INSTRUCTIONS TO FOLLOW →
Repeat exactly the lines below that lie between the line with "Specializovaná učebna 1. stupně" and the line with "Autoportret, 170/180 cm., tehnică", counting both of those lines as part of the answer.

TASK DATA →
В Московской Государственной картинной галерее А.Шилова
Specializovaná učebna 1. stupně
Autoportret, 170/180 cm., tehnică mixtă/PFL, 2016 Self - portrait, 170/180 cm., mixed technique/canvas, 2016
--
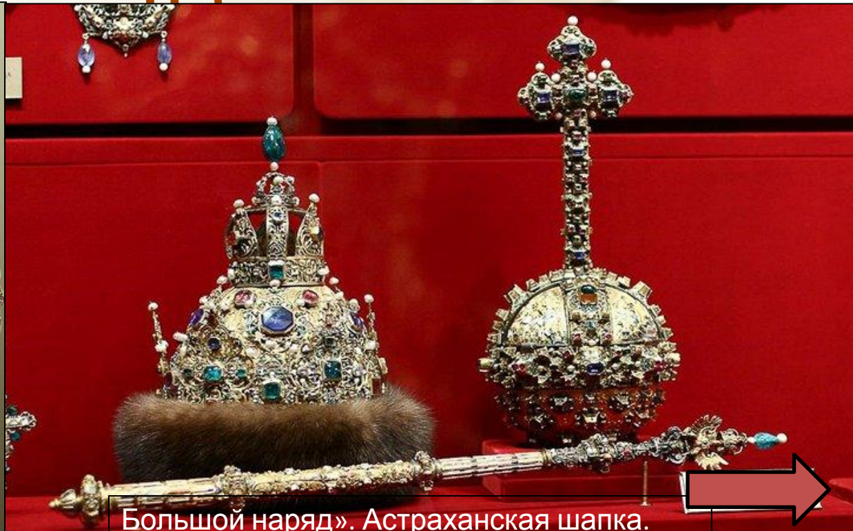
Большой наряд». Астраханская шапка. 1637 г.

EXERCISE OUTPUT →
Specializovaná učebna 1. stupně
Autoportret, 170/180 cm., tehnică mixtă/PFL, 2016 Self - portrait, 170/180 cm., mixed technique/canvas, 2016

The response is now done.